From: Mark Borgerding <mborgerding_at_[hidden]>
> ...
> Using /dev/random is great for systems that have it, but what about the
> other systems? What do you think of adding a default random_device
> implementation for systems that do not have /dev/random? The following
> is platform-independent code, but unfortunately the quality of the
> numbers it creates is somewhat platform dependent. Perhaps it can be
> improved. The idea is based upon an algo from Schneier's Applied
> Cryptography.
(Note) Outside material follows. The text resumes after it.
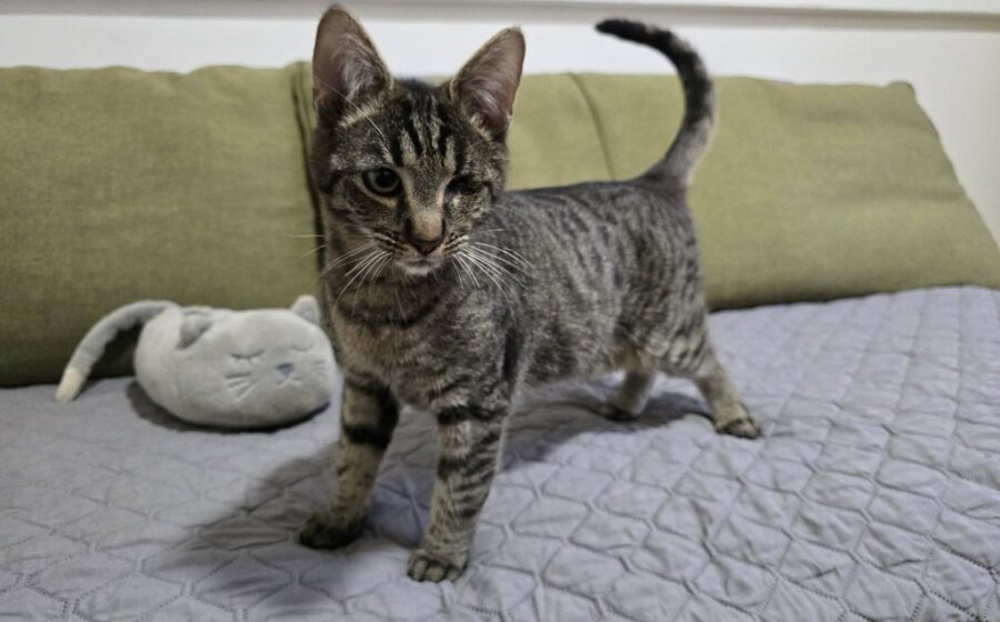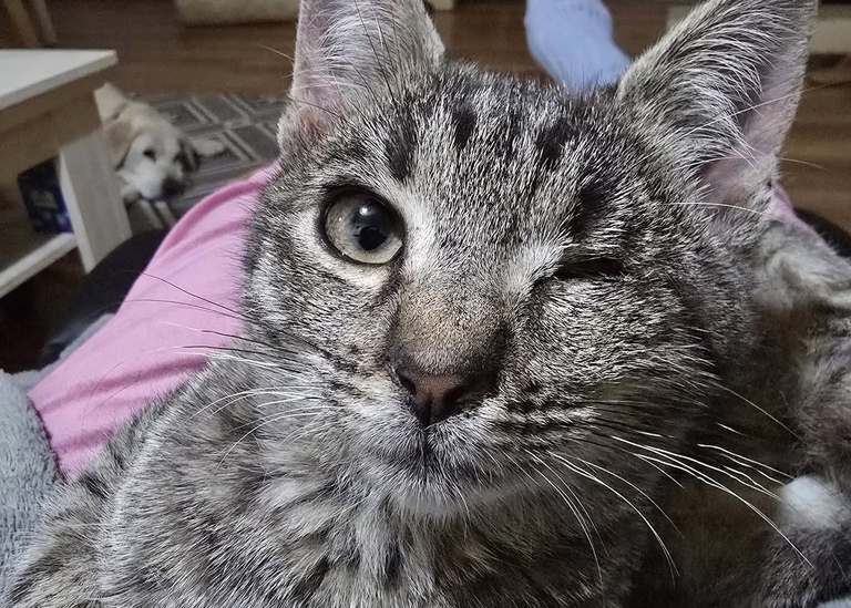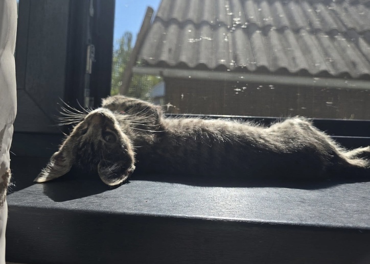 Clyde hatte keinen leichten Start ins Leben. Er wurde in einem sogenannten „Hoarder-Haushalt“ gefunden, in schlechtem gesundheitlichem Zustand mit mehreren Infektionen. Durch das Herpesvirus verlor er sein linkes Auge. Dank intensiver Behandlung ist er heute gesund, stabil und voller Tatendrang. Sein Handicap beeinträchtigt ihn im Alltag nicht – er bewegt sich sicher und spielt wie jede andere junge Katze.
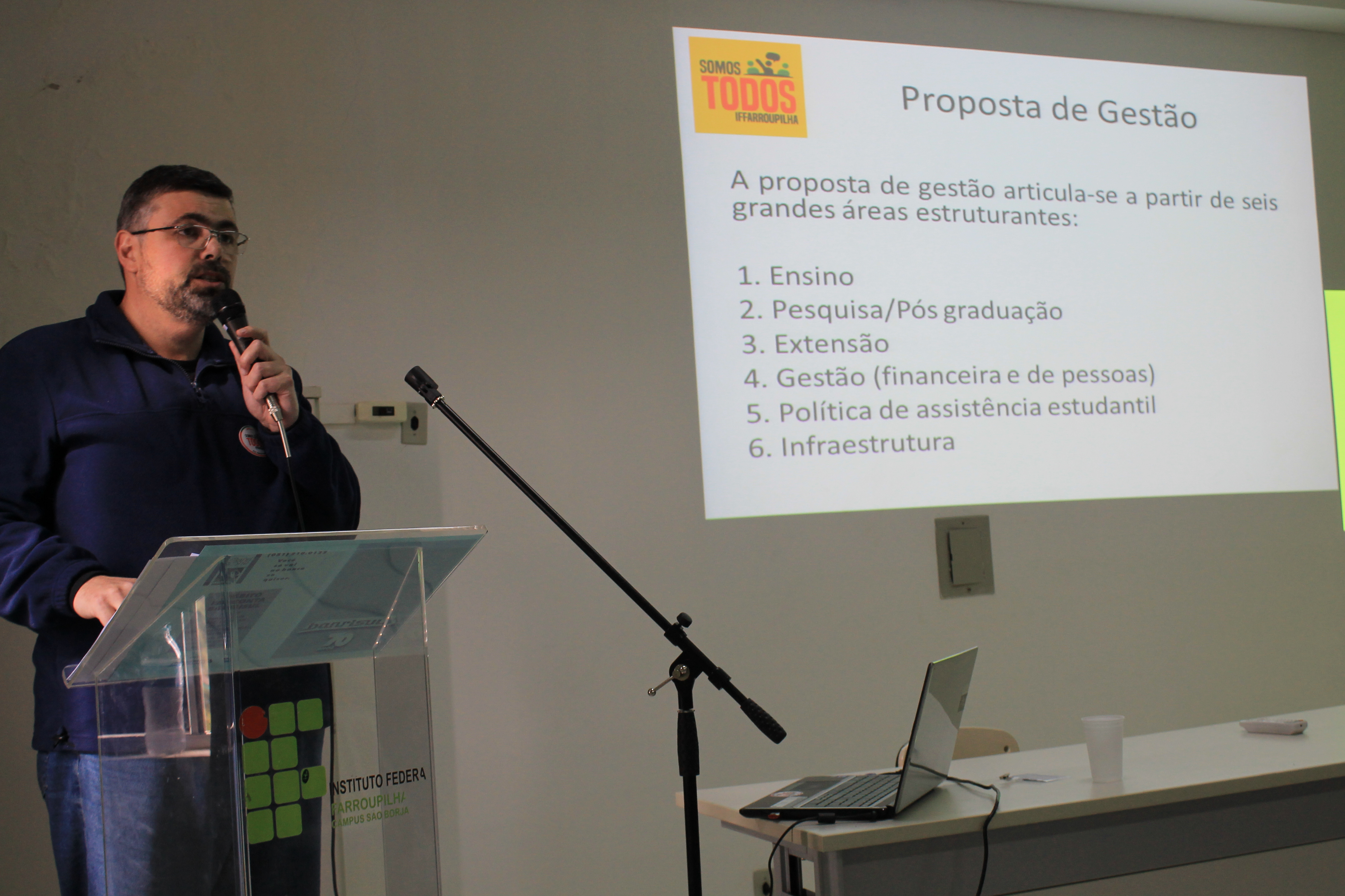 No dia 15/06, foram realizadas às exposições de ideias para os alunos do ensino médio integrado diurno e servidores do Campus São Borja. O debate entre os candidatos está previsto para o dia 23/06, às 19 horas em Uruguaiana e dia 28/06, às 19 horas em São Borja. Será realizado apenas um debate aberto a toda comunidade escolar.

Count until some system parameter changes (e.g. clock()
> ), and then use the lsb of the counter as a random bit.
>
> unsigned char rand_byte(int nbits)
> {
> unsigned char result = 0;
> if (nbits>8)
> nbits=8;
>
> for (int i=0;i<nbits;++i) {
> unsigned int counter=0;
> clock_t start = clock();
> do {
> ++counter;// keep counting until the clock changes
> }while (start == clock());
>
> result <<= 1; // left shift 1 bit
> result |= (counter&1);
> // put the LSB from the counter into the LSB of the result
> }
> return result;
> }

I've been playing around with this, and made a small modification
so that you can vary the quality of the result by specifying nbits
other than 8. Also made it compile as C (:-)

   unsigned char rand_byte(int nbits)
   {
      unsigned int result=0;
      int i;
      for (i=0; i<nbits; ++i) {

         // keep counting until the clock changes
         unsigned int counter=0;
         clock_t start = clock();
         do {
            ++counter;
         } while (start == clock());

         // rotate low byte left 1 bit and XOR in counter
         result = (((result << 1) | (result >> 7))) ^ counter;
      }
      return result & 0xFF;
   }

I didn't mask off the higher bits of the counter on that theory
that we might as well extract all the entropy there is, and any
lack of entropy in the higher bits will be covered up by whatever
entropy we find in the lower bits. If I'm wrong please teach me.

I've noticed that if your clock() function is fast enough you get
no entropy at all, no matter how high you set nbits, and if it's
slow enough you can get away with nbits < 8.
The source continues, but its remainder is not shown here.